Lane Cove is once again coming to the aid of its sister city Gunnedah.
The city council called an extraordinary meeting earlier this month to discuss and vote on how to best help its rural sister in the ongoing drought.
The council decided it will purchase gift cards and encourage residents to do the same, so they can be distributed to people in need ahead of Christmas.
Lane Cove mayor Pam Palmer said it was clear that conditions hadn't improved for the Gunndah shire when she spoke with mayor Jamie Chaffey and Cr Colleen Fuller at the recent Local Government Conference.
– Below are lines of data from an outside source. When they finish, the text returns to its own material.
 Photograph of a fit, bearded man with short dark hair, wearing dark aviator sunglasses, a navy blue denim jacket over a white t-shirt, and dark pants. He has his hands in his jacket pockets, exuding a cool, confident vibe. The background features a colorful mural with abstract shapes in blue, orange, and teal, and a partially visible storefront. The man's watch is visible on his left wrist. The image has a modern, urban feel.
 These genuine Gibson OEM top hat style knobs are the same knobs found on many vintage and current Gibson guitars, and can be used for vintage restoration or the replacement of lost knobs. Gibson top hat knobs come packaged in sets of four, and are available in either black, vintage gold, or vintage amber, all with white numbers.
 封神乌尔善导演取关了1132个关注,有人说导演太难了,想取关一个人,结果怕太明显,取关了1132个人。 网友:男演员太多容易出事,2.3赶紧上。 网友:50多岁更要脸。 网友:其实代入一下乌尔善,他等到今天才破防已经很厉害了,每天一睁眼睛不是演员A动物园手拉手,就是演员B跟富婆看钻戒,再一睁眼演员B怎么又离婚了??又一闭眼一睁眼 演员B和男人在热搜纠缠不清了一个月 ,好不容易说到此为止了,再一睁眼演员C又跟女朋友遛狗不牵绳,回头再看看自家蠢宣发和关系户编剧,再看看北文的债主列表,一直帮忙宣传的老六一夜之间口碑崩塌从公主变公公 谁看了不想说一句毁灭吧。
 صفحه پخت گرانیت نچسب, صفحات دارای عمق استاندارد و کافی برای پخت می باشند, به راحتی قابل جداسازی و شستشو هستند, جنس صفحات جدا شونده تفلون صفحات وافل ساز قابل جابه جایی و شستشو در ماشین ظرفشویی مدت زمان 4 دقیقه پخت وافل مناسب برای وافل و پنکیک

"It highlighted to all of us the ongoing problems in the Gunnedah region and everyone here is sympathetic. Everyone I talk to down here really wants to support the community, so we want to make it easy for them to do that," she said.
"I feel the gift card idea we kind of borrowed from [Gunnedah] in the first place. It's how we got the idea of shopping locally.
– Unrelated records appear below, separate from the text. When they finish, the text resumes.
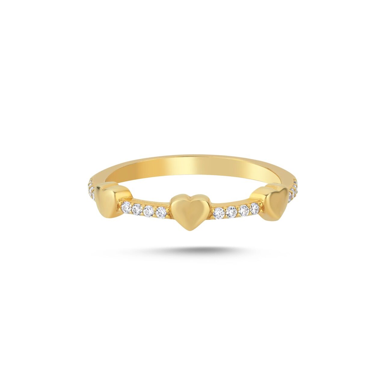 Üç kalp detayı ve ince taş hattıyla: romantik ama “minimal-premium” çizgide, tek başına da güçlü, stack’te de net durur.
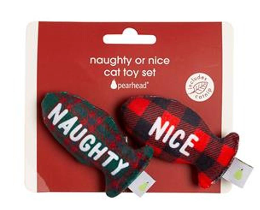 Playtime with your furry friend has never been so adorable! This naughty or nice holiday pet toy set by Pearhead is sure to quickly become a favorite go-to for pet owners and their fun-loving cats and kittens! This pet play accessory set includes two cat toys: one crinkle fish toy with bold, white “naughty” print and one rattle fish toy with bold, white “nice” print – each toy includes a cat nip pouch!
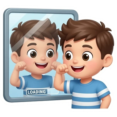 A cute sticker of a boy looking in the mirror checking tiny biceps, 'LOADING' bar text, funny expression, white border. emoji
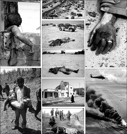 وجاء في بيان لمصدر رسمي ان «المسؤولين الامريكيين أعلنوا ان العراق أضرم النار في سبع آبار للنفط، وفي الواقع انها حفر مليئة بالنفط أضرمت النار فيها من أ.........

"Isn't it wonderful now, it's got the benefit of the gift cards helping not only our local businesses but helping your local businesses. It's a surprising outcome that worked really well."
Ms Palmer said there had been a great response from the community for the idea.
"Everyone latched on quite enthusiastically. All people I talk to want to help," she said.
Deputy mayor Rob Hooke said "any help is gratefully appreciated".
"I just think it is the most amazing thing that city people are recognising the struggle we're having in rural communities. They're actually recognising that it's going beyond farmers and actually affects towns and small business as well," he said.
"I think it's an amazing effort. It just shows the spirit we have in this country. I am Very humbled."
Cr Hooke will share the shire's struggles when he attends a Lane Cove drought fundraiser on December 9.
Lane Cove Youth Orchestra and Hunters Hill High School have once again teamed up for an annual Christmas concert and the funds will come to Gunnedah.
The orchestra's president Lyndall McCarthy the musicians will play "rainy, watery, stormy music" at The Rain Bringer Christmas Concert and they were "delighted" and "honoured" that Cr Hooke would attend.
"Our families were touched by the words that were given last year by farmer Andrew Frend and they wanted to do it again," Ms McCarthy said.
"It's good for [Lane Cove] to hear from people who live in the country. The deputy mayor in a great position to tell anecdotal stories of what families have had to endure.
"It's a really important part of the education for our orchestra along with music, and we just hope the audience will have fun participating in the event by using the rain sticks we'll be making."
Cr Hooke said he was "blown away" that the LCYO and high school had chosen to support the shire again.
"Raising money, not money in-kind, which is important because it's money spent in community rather than brought from there," he said.
"Any money spent in the community keeps the town open."
Gunnedah and Lane Cove became sister cities in 1990s when the shire was in drought.